Fairness means everyone gets what they need.
~ Rick Riordan

With the volunteer-driven network of individuals, affiliates and partners working to advance the agenda of Open Knowledge across the worldwide Wikimedia movement ecosystem, diversity, inclusion, and equity are central. Our collective success in expanding free knowledge depends on how welcoming and inclusive we are within our movement. There is no shared data collection effort in our movement on these topics, currently and we need a more diverse data landscape to understand the political, social, and economic barriers contributors may face in movement engagement. To demonstrate progress on Wikimedia Foundation’s mid-term plan and Movement Strategy, we need to understand this data landscape so that we can take action as well as measure our collective impact.

To help address this need, Global Data & Insights team will launch a pilot beginning February 2022 for consultation on a new project mapping existing Wikimedia Movement engagement data by geography.

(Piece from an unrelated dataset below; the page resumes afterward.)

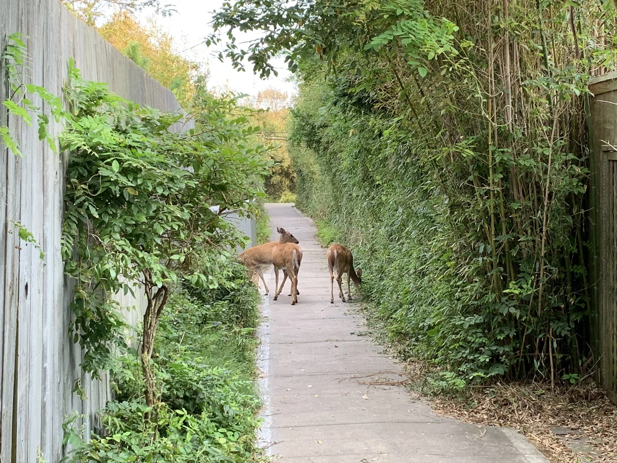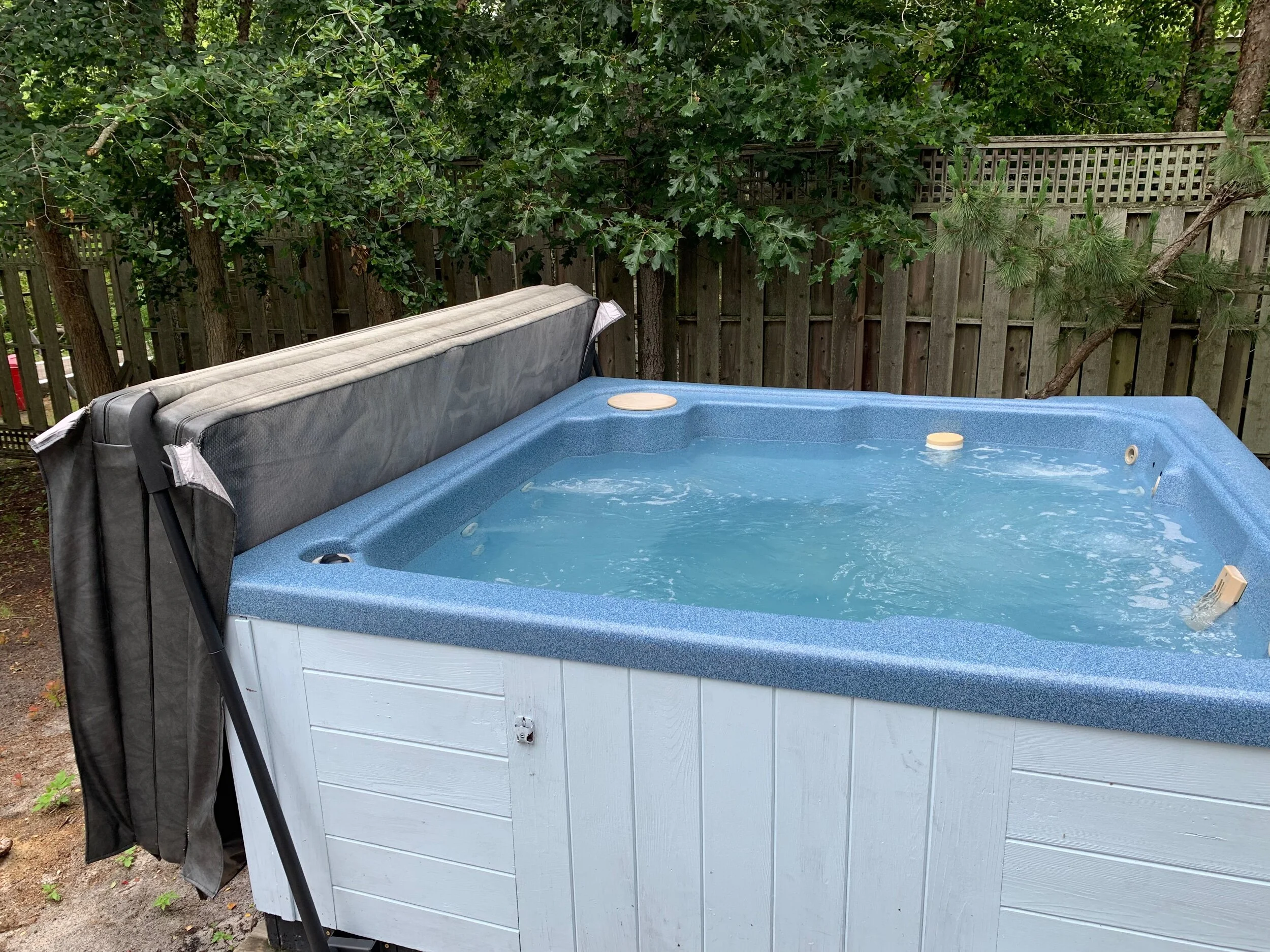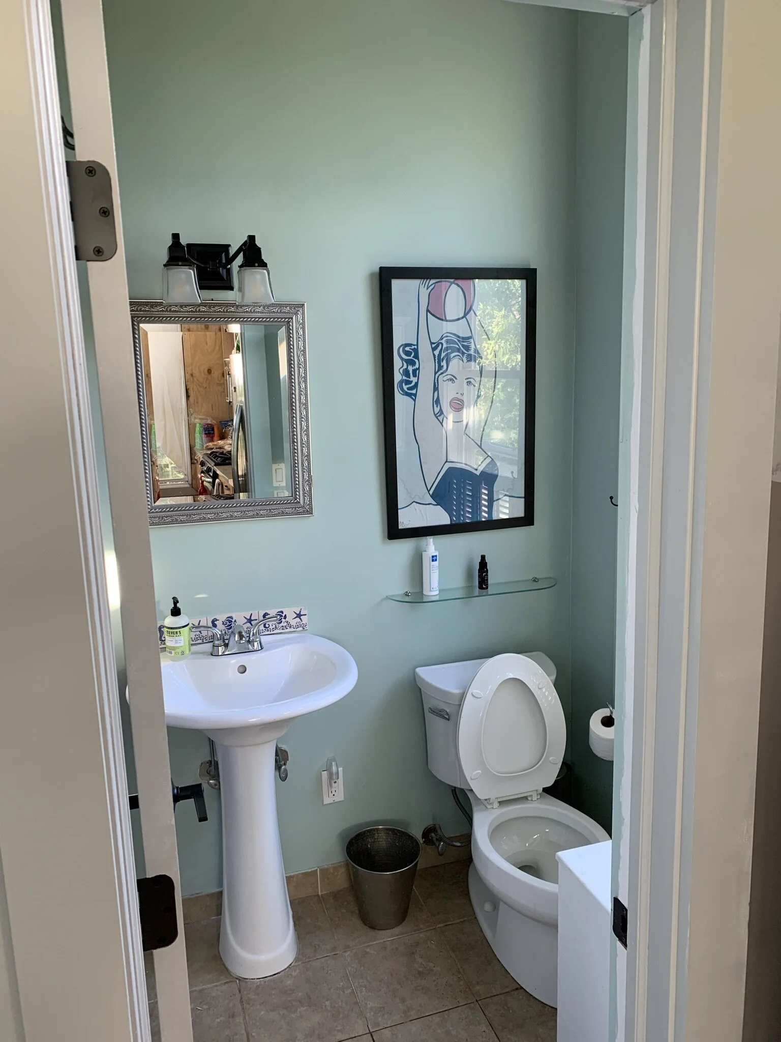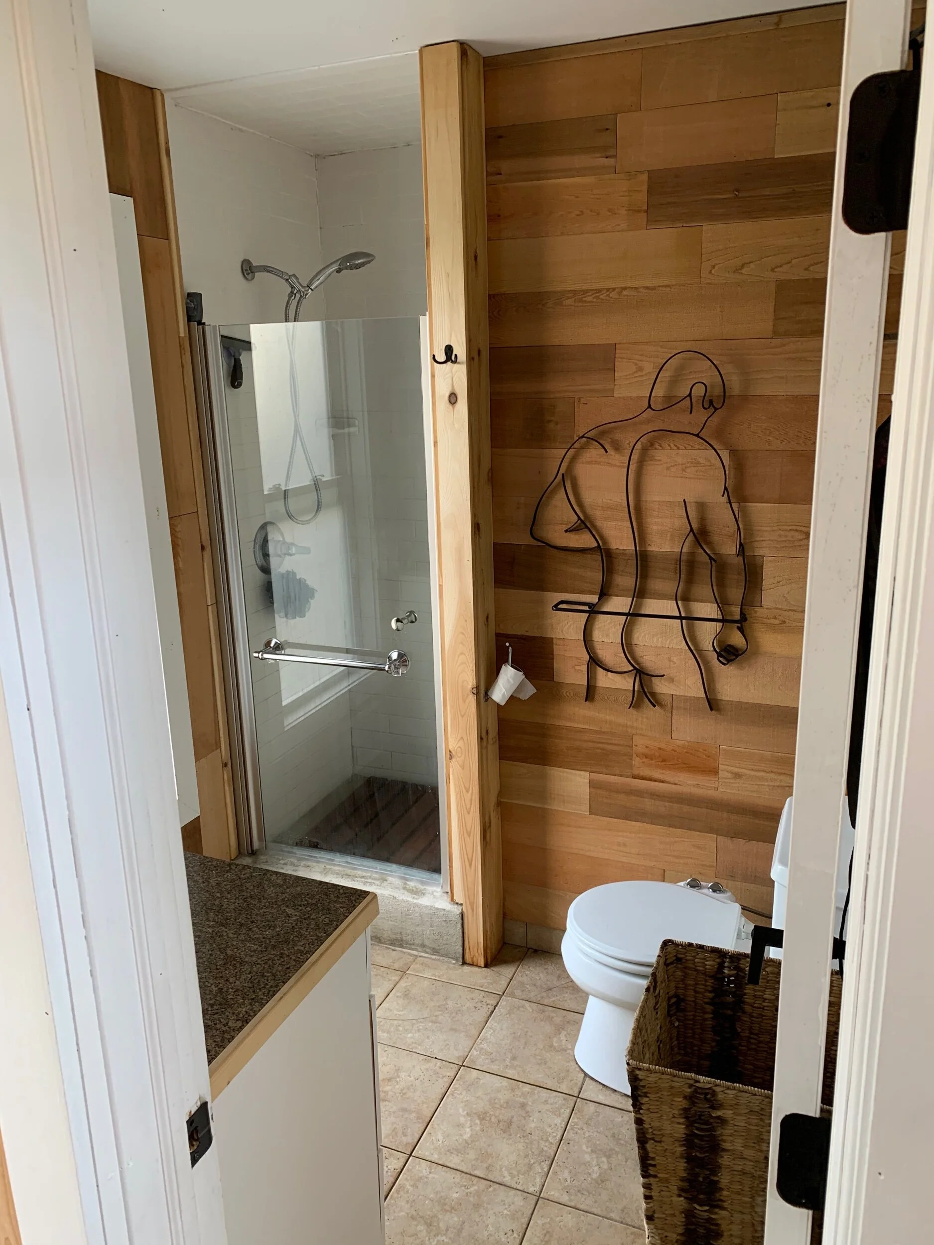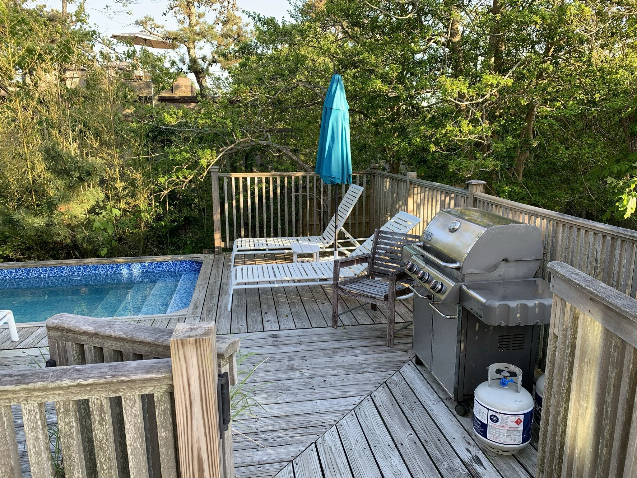 Upon entering the main deck are sliding doors for the “blue room” (left) and the “wood room” (right). The wood room also has a second sliding door onto the pool area. Past these rooms and the pool is the front door to the house and a deck entrance for the interior ensuite room. Going through the house from the front door are the inside entrances to the three interior bedrooms, the first floor shared bathroom, and the stairs to the second floor as well as the door out to the back deck. On the back deck is the laundry shed and the hottub. Following the deck to the left and around the corner is the entry for the private “owner’s suite.” Past the owner’s suite, on the next corner of the deck is the 7’ x 7’ outdoor shower (fits a group!) and finally a return to the main entrance gate.

The project intends to use data to help our movement have a better understanding of diversity, equity, and inclusion across known pathways for engaging with Wikimedia, including reading and editing or organizing programs, grants, or affiliates. It will help us answer shared questions such as who is in our movement, what voices are missing where, and are we equitably supporting emerging communities. We are recruiting community-based movement organizers, grantees, and affiliate volunteers to partner in piloting our two key use cases in February and March 2022. The purpose of the pilot is to gather feedback and suggestions from community participants about the project and metrics design. Some participants will also be able to  directly test pilot a beta version of the data landscape dashboard and metrics. As a result of this work, movement communities, from infrastructural supporters (Admins, Steward, Bureaucrats) to Movement organizers, grantees, and affiliates will have access to a public data portal to see and analyze our collective progress toward equity and inclusion in our movement.

The Big Idea

We have a lot of data, the world has a lot of data, let’s compile what we have to begin answering basic questions. 

To begin to do this, we have assembled our internal engagement and social research metrics alongside aligned global data indicators to enable examination of the progress at diversity, inclusion, and equity:

  1. across domains of engagement (e.g., reading, editing, movement organizing),
  2. along geographic lines, and 
  3. within a community’s national or regional context.

For the pilot, the two use cases are:

Use Case 1: Directing grant funds and resource opportunities to spaces ready for growth

For this use case we would like to work with grant-makers, grant-making committees, grant applicants, and strategic organizing hubs who will pilot the data and dashboard to answer questions relevant to their own project decision-making.

Potential reflection questions for piloting and decision-making in this use case include:

  • Is a potential partner or grantee proposing a project in a country, language, and project space with an adequate reader or editor presence and/or high growth potential, to accomplish its goal(s)?
  • Is a partnership opportunity or grant request in line with the country’s Wikimedia presence, and proportionate to their base?
  • Might a potential partner or grantee face potential barriers to freedom or access which may prevent reaching goals in the targeted geographic space(s)?
  • How many other affiliates may be operating in the same space.

Use Case 2: Directing non-monetary support and partnership opportunities to spaces ready for development and able to support the work.

For this use case we would like to work with  community organizers, affiliates, grantees, governance and recognition committees, as well as  movement researchers and staff focused on international development, engagement, or support. They will pilot the data and dashboard to answer questions relevant to their own project decision-making.

Potential reflection questions for piloting and decision-making in this use case include:

  • Which countries or regions have a strong affiliate presence and reader base but are lacking in editorship?
  • Does a country or region have a well-balanced movement organizer ecosystem to support an international event or extensive collaborative partnership?
  • Which countries and regions have the most potential for growth in different domains?
  • To what extent does a country engage in various languages and projects?
  • What countries may need capacity support to enable movement coordination?

Space in the pilot is limited and requires selected participants to commit their time during the pilot window.  We request a time commitment for participation in group data sessions, technical support sessions, and individual data exploration (~5 hours per participant). If your work aligns with one of the two use cases planned for the pilot, and you are available and interested, please post on the talk page before January 24, 2022 to let us know you want to be part of the data pilot!

How you can participate 

  1. Follow our meta page to keep up to date with progress passively.
  2. If you think one of the above use cases applies to you, and are interested and available to participate in the data pilot in February and March 2022, sign-up on the talk page 
  3. If you would like to receive a message to remind you at the start of the general consultation input period, sign up on the talk page.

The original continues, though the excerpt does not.